--- DATA EXTRACTS ---
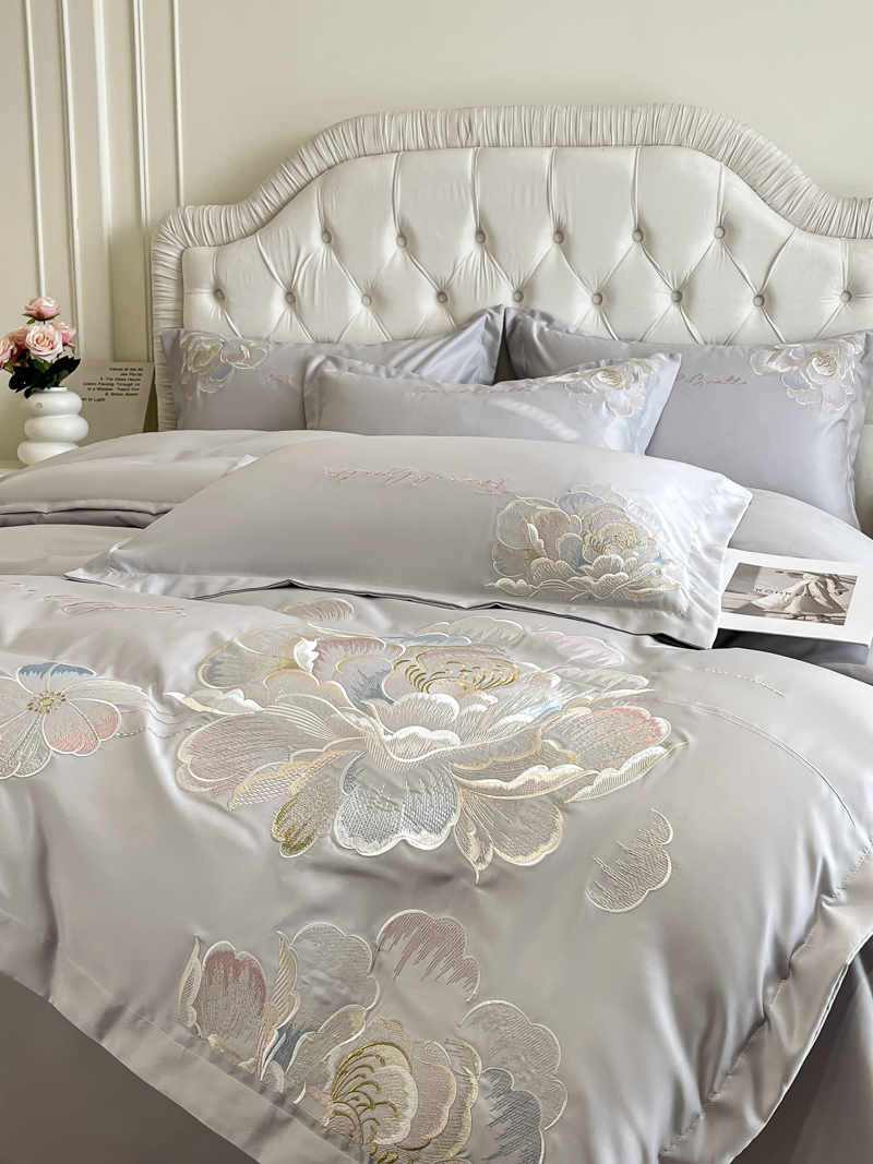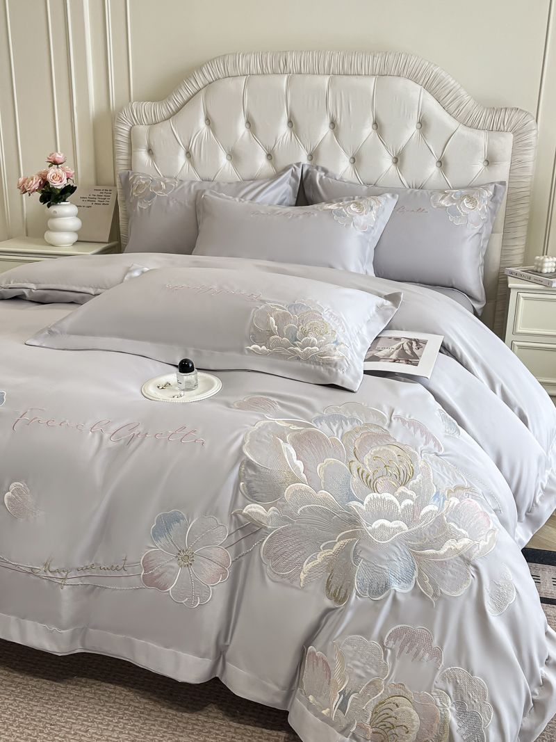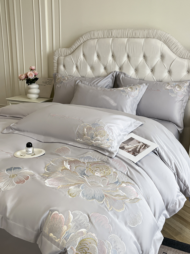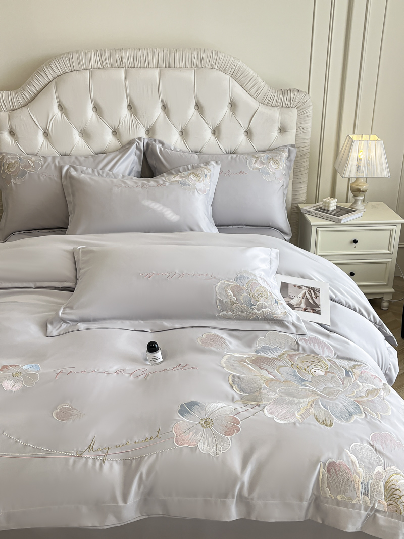 (总)菲儿家纺 2025新款轻奢简约冰丝刺绣四件套-铃兰,铃兰-灰,铃兰-兰,铃兰-粉,铃兰-米白,铃兰-紫
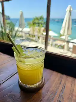 I ordered a pineapple juice and an orange juice. The vitamin colors look great against the blue ocean!
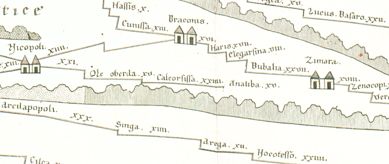 Lag in Wirklichkeit südöstl. der voraufgehenden Station Caleorissa und nordöstl. der Folgestation Zimara (heute: Pingan). Auf der TP liegt Analiba, anders als im ItAnt (s. u.), auf einer Verbindung von 9A5 Nicopoli nach Zimara (und zwar 15 Meilen vor Zimara), wahrscheinlich ein Irrtum, wie auch das Fehlen der roten Straßenlinie nahelegt (s. Mitford 2018, vol. 1, 257). |
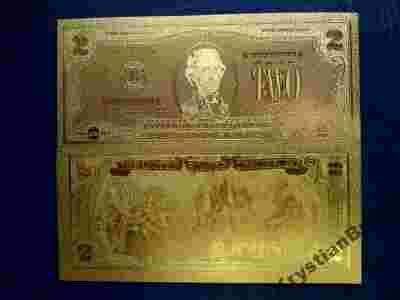 Banknot w ZŁOCIE 24 karat 2$-DOLARY
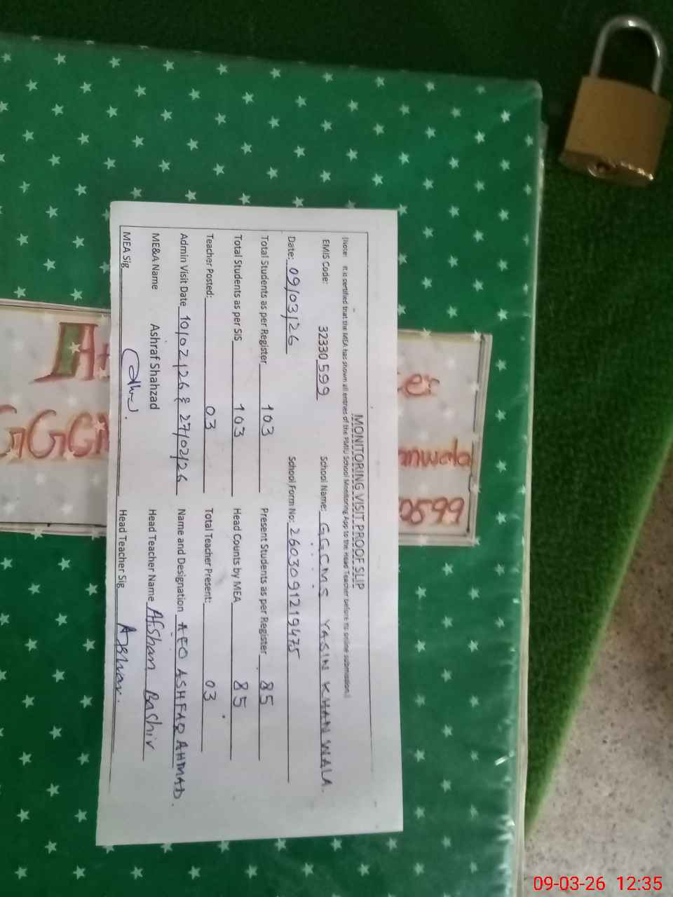 | EMIS Code: 32330599 | Name of School: GGCMS YASEEN KHAN WALA | |||
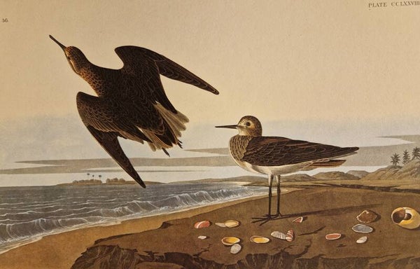 Dit is een authentieke lithografie van de Amsterdamse editie van The Birds of America van John James Audubon. In zijn monumentale meesterwerk, namelijk de Double Elephant Folio Edition van de Birds of America, gepubliceerd in de periode 1827-1838, publiceerde de natuuronderzoeker John James Audubon 435 tekeningen van de vogels die hij tekende op basis van zijn observaties in de natuur. Deze afbeeldingen werden gepubliceerd als handgekleurde gravures met aquatint en ets door Robert Havell, Jr. in Engeland. In 1971 besloten de Johnson Reprint Corporation in New York en de Amsterdamse firma Theatrum Orbis Terrarum Ltd om een zo goed mogelijke facsimile van dit meesterwerk te produceren. In 1971 en 1972 publiceerden deze twee firma's slechts 250 exemplaren van de volledige 435 platen van de originele Robert Havell's kopie van de Double Elephant Folio met behulp van kleurenfotolithografie (deze afdrukken vertonen dus het karakteristieke puntmatrixpatroon van offsetlithografie bij onderzoek met een 10x of 15x vergrotingsloep). Deze prenten staan bekend als de Amsterdam Edition van het Double Elephant-folio en zijn daarmee de eerste volledige facsimile van het originele monumentale werk van Audubon. Om de textuur van het originele J Whatman-papier dat in de originele Havell-editie werd gebruikt, te reproduceren, werd voor de Amsterdamse editie het beroemde papierbedrijf G. Schut & Zonen gebruikt om speciaal 100% katoenen voddenpapier van museumkwaliteit te produceren voor het afdrukken van deze platen. Er werd slechts een beperkte set van 250 exemplaren van elk van de platen geproduceerd. De prenten van de Amsterdamse editie zijn te herkennen aan het unieke watermerk "G. Schut & Zonen (R) Audubon" langs de lange rand. De volledige vellen meten ongeveer 73 x 103 cm en de wat kleinere 48 x 68 cm. Ingelijst zijn ze een sieraad aan de muur. We hebben 100 fullsize verschillende vogels en 70 op het kleinere formaat. In de winkel zijn ze allemaal te bewonderen.
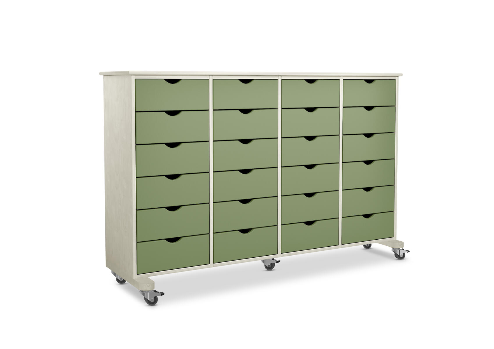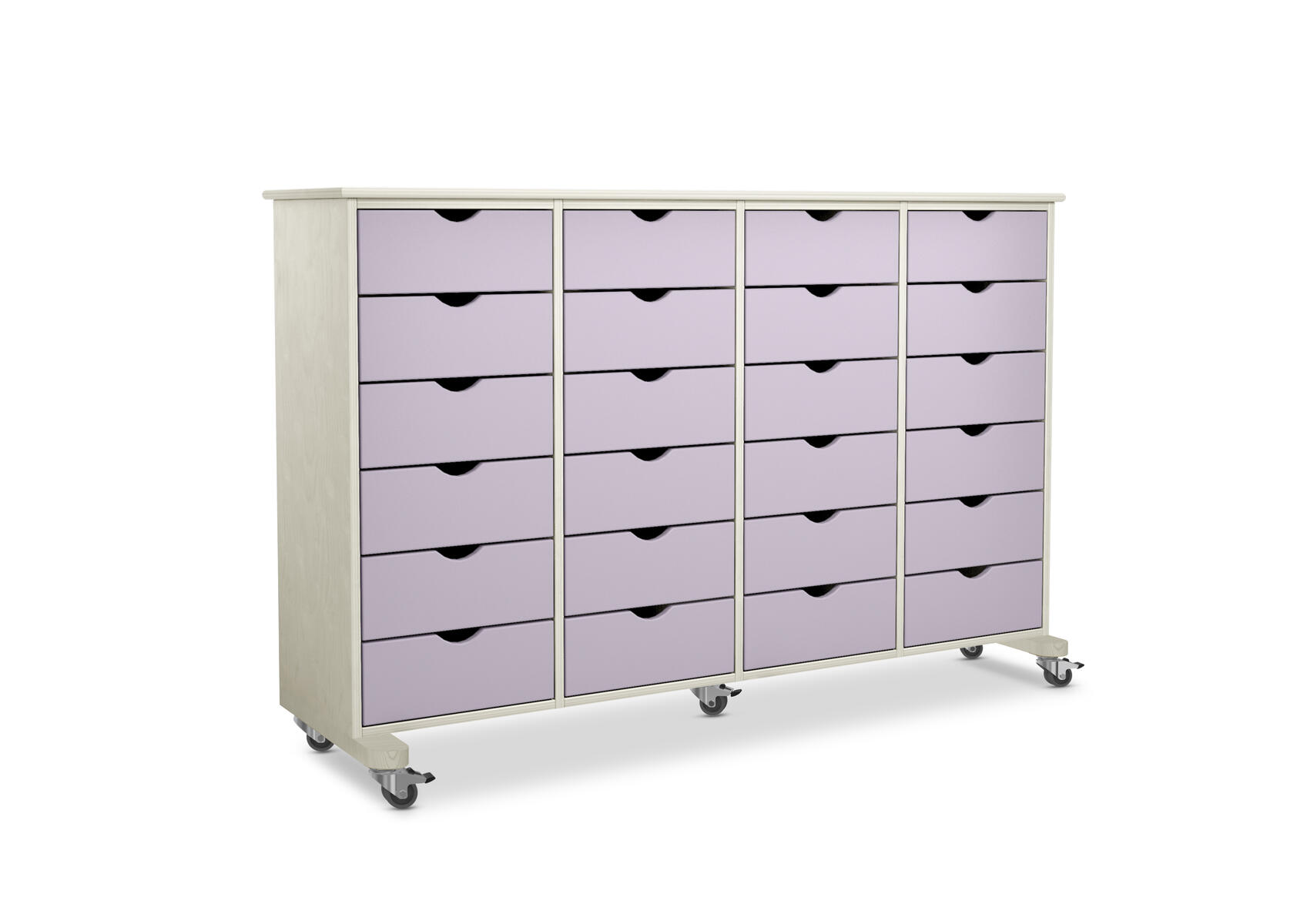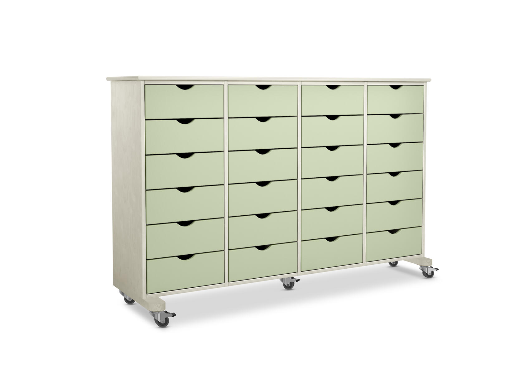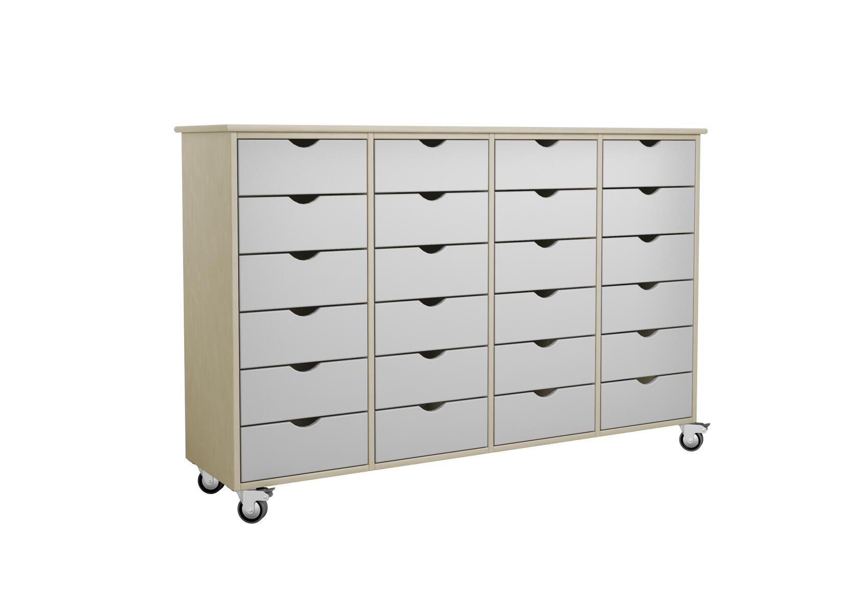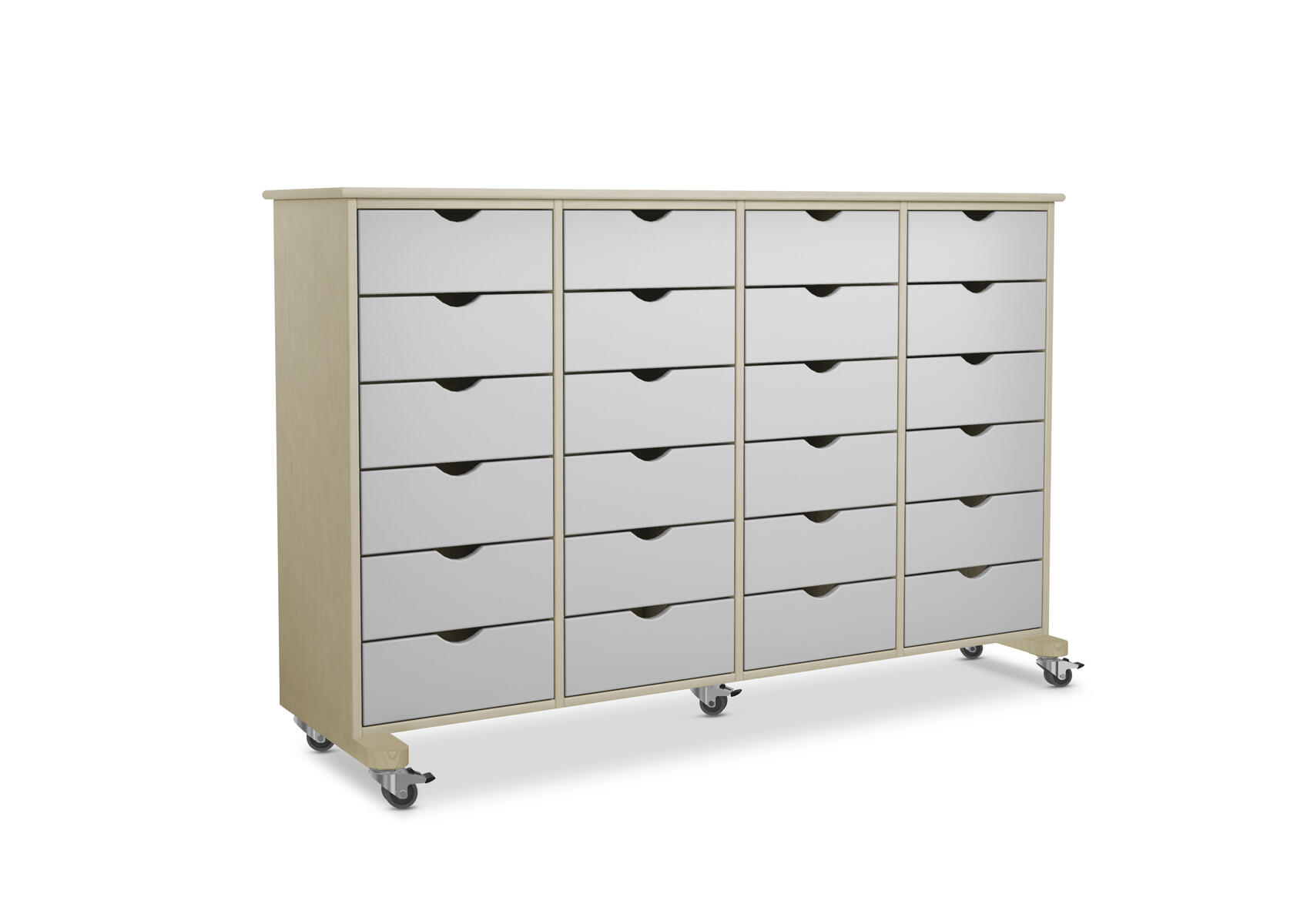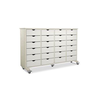 Lådfack Rabo 24 stora lådor med hjul och stödben vitpig
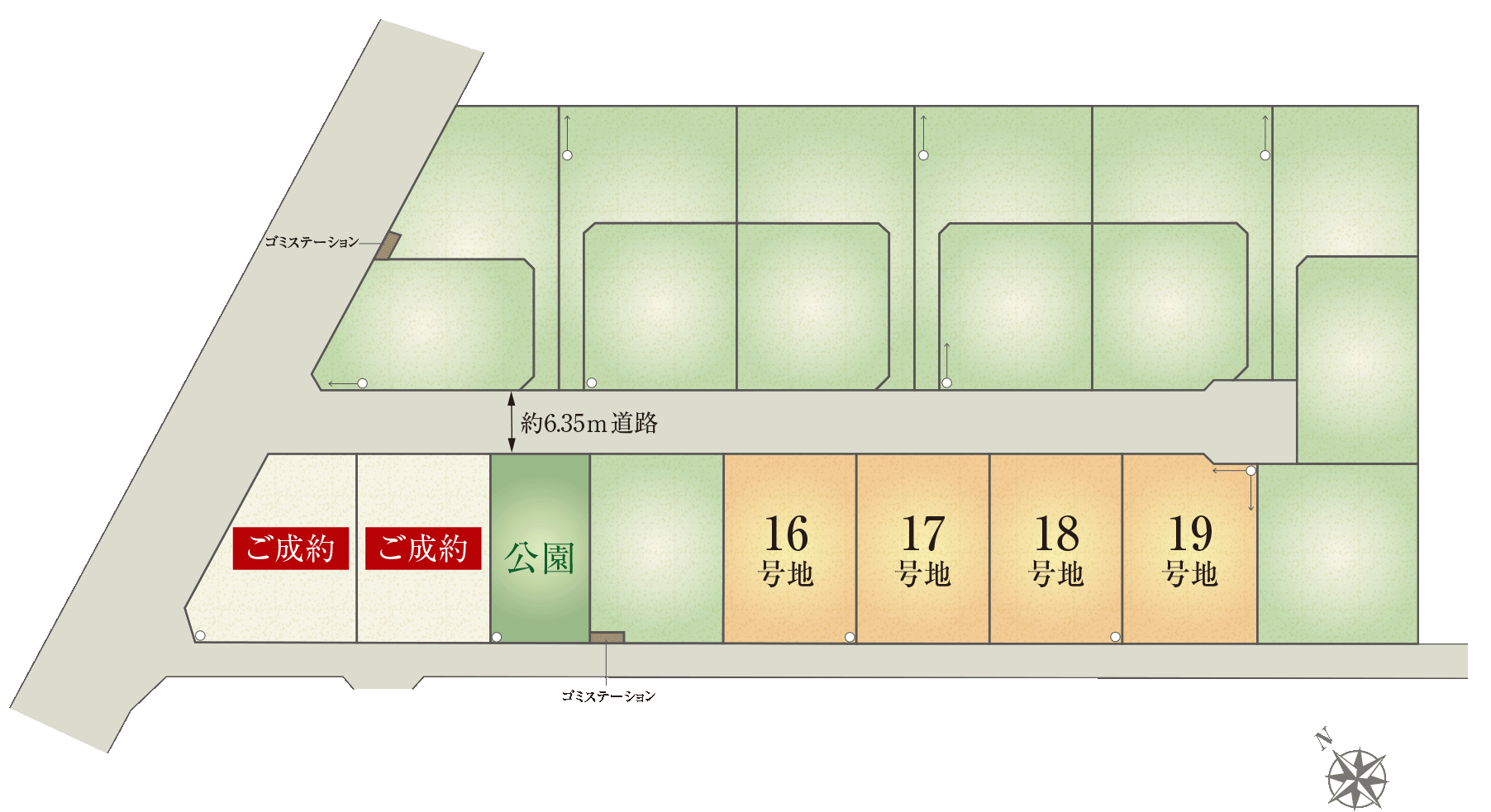 車の通り抜けの無い突き當たりの分譲地內道路は、車のすれ違いも容易な幅員約6.3mを確保。

--- REQUIRED WORK ---
In your copy of the records, include no pictures; repeat everything else exactly.

--- ANSWER SPACE ---
 (总)菲儿家纺 2025新款轻奢简约冰丝刺绣四件套-铃兰,铃兰-灰,铃兰-兰,铃兰-粉,铃兰-米白,铃兰-紫
 I ordered a pineapple juice and an orange juice. The vitamin colors look great against the blue ocean!
 Lag in Wirklichkeit südöstl. der voraufgehenden Station Caleorissa und nordöstl. der Folgestation Zimara (heute: Pingan). Auf der TP liegt Analiba, anders als im ItAnt (s. u.), auf einer Verbindung von 9A5 Nicopoli nach Zimara (und zwar 15 Meilen vor Zimara), wahrscheinlich ein Irrtum, wie auch das Fehlen der roten Straßenlinie nahelegt (s. Mitford 2018, vol. 1, 257). |
 Banknot w ZŁOCIE 24 karat 2$-DOLARY
 | EMIS Code: 32330599 | Name of School: GGCMS YASEEN KHAN WALA | |||
 Dit is een authentieke lithografie van de Amsterdamse editie van The Birds of America van John James Audubon. In zijn monumentale meesterwerk, namelijk de Double Elephant Folio Edition van de Birds of America, gepubliceerd in de periode 1827-1838, publiceerde de natuuronderzoeker John James Audubon 435 tekeningen van de vogels die hij tekende op basis van zijn observaties in de natuur. Deze afbeeldingen werden gepubliceerd als handgekleurde gravures met aquatint en ets door Robert Havell, Jr. in Engeland. In 1971 besloten de Johnson Reprint Corporation in New York en de Amsterdamse firma Theatrum Orbis Terrarum Ltd om een zo goed mogelijke facsimile van dit meesterwerk te produceren. In 1971 en 1972 publiceerden deze twee firma's slechts 250 exemplaren van de volledige 435 platen van de originele Robert Havell's kopie van de Double Elephant Folio met behulp van kleurenfotolithografie (deze afdrukken vertonen dus het karakteristieke puntmatrixpatroon van offsetlithografie bij onderzoek met een 10x of 15x vergrotingsloep). Deze prenten staan bekend als de Amsterdam Edition van het Double Elephant-folio en zijn daarmee de eerste volledige facsimile van het originele monumentale werk van Audubon. Om de textuur van het originele J Whatman-papier dat in de originele Havell-editie werd gebruikt, te reproduceren, werd voor de Amsterdamse editie het beroemde papierbedrijf G. Schut & Zonen gebruikt om speciaal 100% katoenen voddenpapier van museumkwaliteit te produceren voor het afdrukken van deze platen. Er werd slechts een beperkte set van 250 exemplaren van elk van de platen geproduceerd. De prenten van de Amsterdamse editie zijn te herkennen aan het unieke watermerk "G. Schut & Zonen (R) Audubon" langs de lange rand. De volledige vellen meten ongeveer 73 x 103 cm en de wat kleinere 48 x 68 cm. Ingelijst zijn ze een sieraad aan de muur. We hebben 100 fullsize verschillende vogels en 70 op het kleinere formaat. In de winkel zijn ze allemaal te bewonderen.
 Lådfack Rabo 24 stora lådor med hjul och stödben vitpig
 車の通り抜けの無い突き當たりの分譲地內道路は、車のすれ違いも容易な幅員約6.3mを確保。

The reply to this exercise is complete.